Meetings are run by volunteer peers, known as 'convenors', not led by professionals, and members are allowed to give each other feedback during them. Members are encouraged to raise their hands when appropriate to address and answer another member to offer support or comment while the meeting is in progress. While the meetings online and face-to-face are informal there are some basic rules: Members should be clean and sober (not under the influence of drugs or alcohol) if they want to speak at a meeting (only the desire to be sober is required for attendance), no religion, politics or demeaning others' attempts to achieve sobriety is allowed, members must stay respectful of one another, and no 'drunkalogues' (long-winded talk of past drug or alcohol use).
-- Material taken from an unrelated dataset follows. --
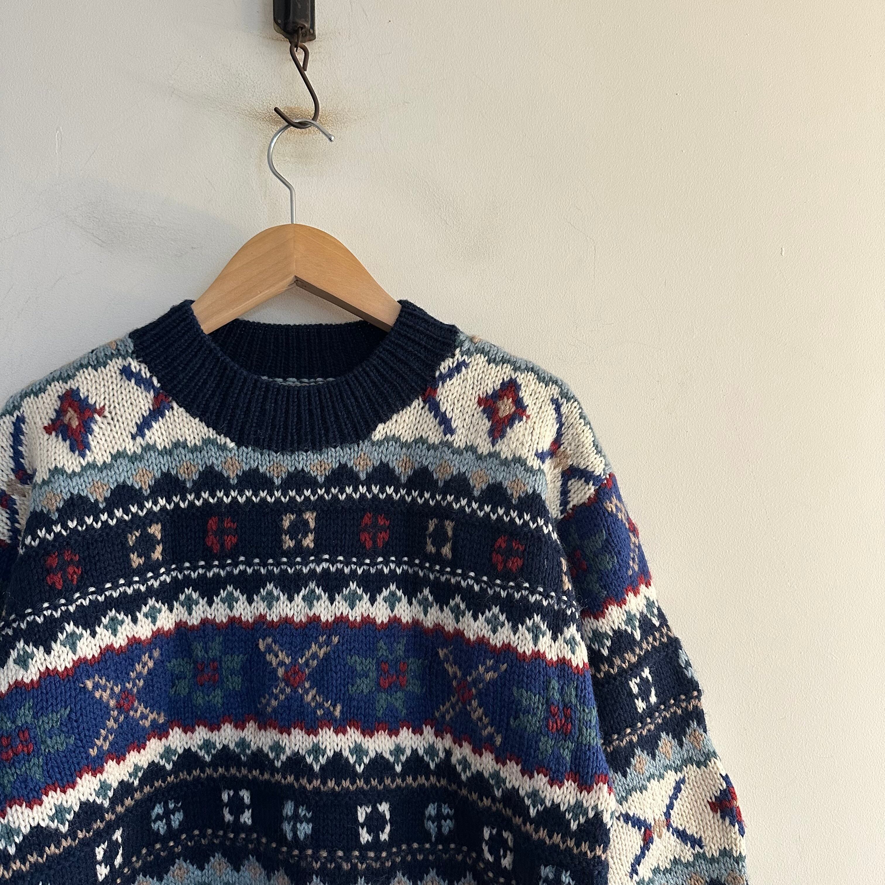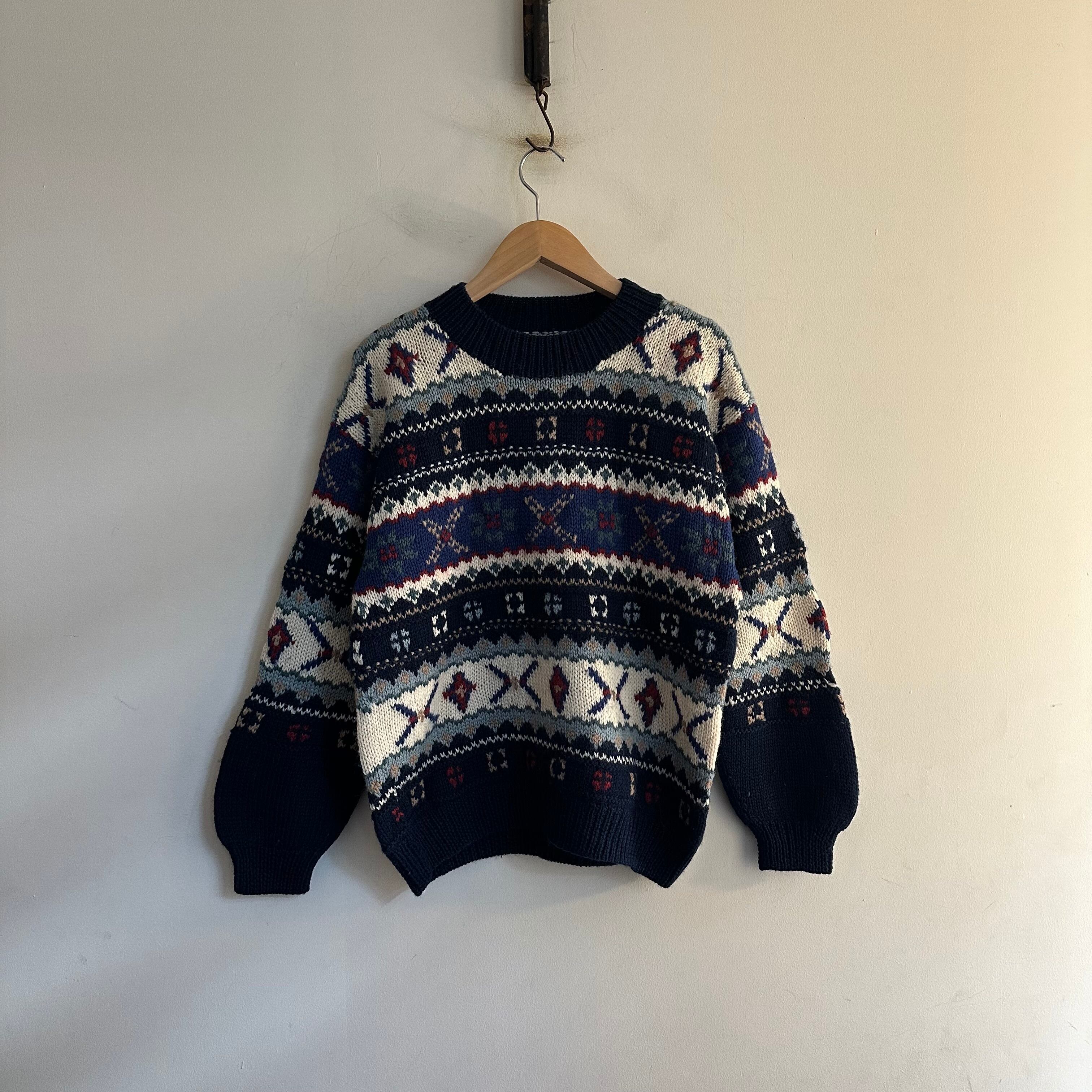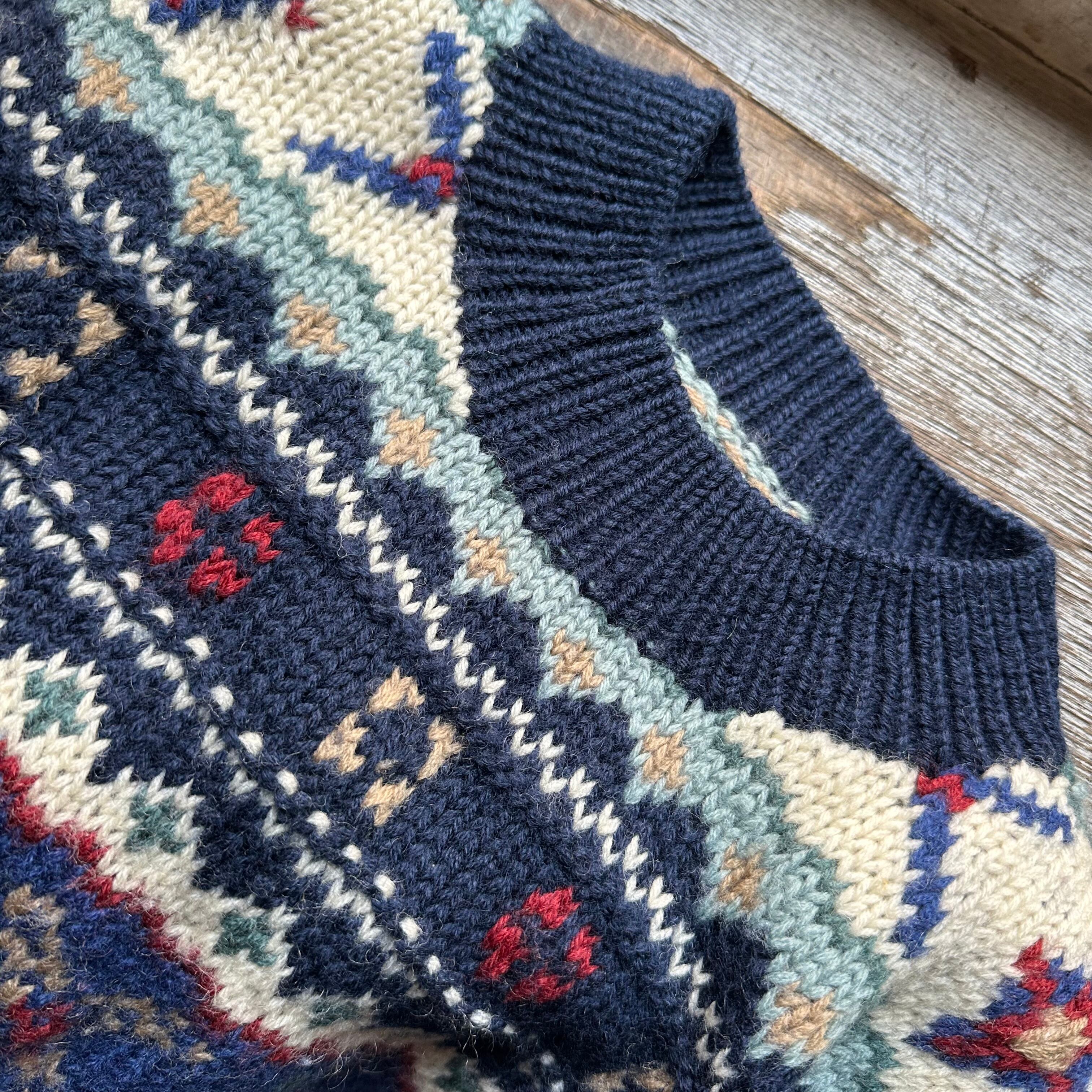 ハンドニットです。冬らしい柄に配色も良いですね。首元の詰まり、袖のリブ。キュッとしてボリューム出して。お好きな方、いかがでしょうか。

Despite the secular nature of LifeRing a 2013 membership survey showed that just over a quarter of members attend some form of church or other place of worship, a drop from 40% in 2005.

LifeRing's approach has been described as "a homespun, rather than an academic, product" which comes within the discipline of cognitive behavioral therapy. It is influenced by psychologists such as Carl Rogers and Albert Bandura, and has been compared to William Glasser's choice theory which is based on the idea that past relationships are influential on behavior and addictive behaviors are symptomatic of unconscious psychological needs, and Marsha M. Linehan's dialectical behavior therapy which focuses on learning the triggers to certain types of destructive behavior.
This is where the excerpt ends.